■ Your instructions: From the listing below, restate word for word the lines from the line containing "Colla mucosa, attivatore, colorante, vasca" down through the line containing "skutočné dopravné značky.". Exclude pictures.
:: Records provided ::
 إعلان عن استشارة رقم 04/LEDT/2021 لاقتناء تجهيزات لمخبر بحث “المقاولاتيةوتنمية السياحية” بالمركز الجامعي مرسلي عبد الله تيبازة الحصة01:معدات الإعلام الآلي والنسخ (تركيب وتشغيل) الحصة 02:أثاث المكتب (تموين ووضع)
:::
:: Records provided ::
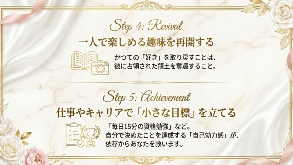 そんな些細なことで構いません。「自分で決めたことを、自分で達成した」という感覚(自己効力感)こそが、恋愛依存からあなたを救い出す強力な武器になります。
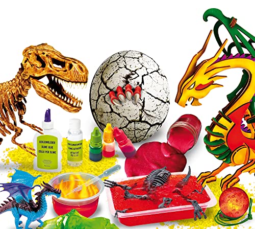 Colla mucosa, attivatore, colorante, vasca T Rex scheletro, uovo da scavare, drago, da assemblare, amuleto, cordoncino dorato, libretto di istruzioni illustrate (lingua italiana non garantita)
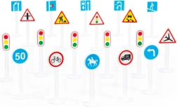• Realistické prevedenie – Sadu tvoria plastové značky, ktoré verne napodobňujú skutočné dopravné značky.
:::
■ Written solution:
 Colla mucosa, attivatore, colorante, vasca T Rex scheletro, uovo da scavare, drago, da assemblare, amuleto, cordoncino dorato, libretto di istruzioni illustrate (lingua italiana non garantita)
• Realistické prevedenie – Sadu tvoria plastové značky, ktoré verne napodobňujú skutočné dopravné značky.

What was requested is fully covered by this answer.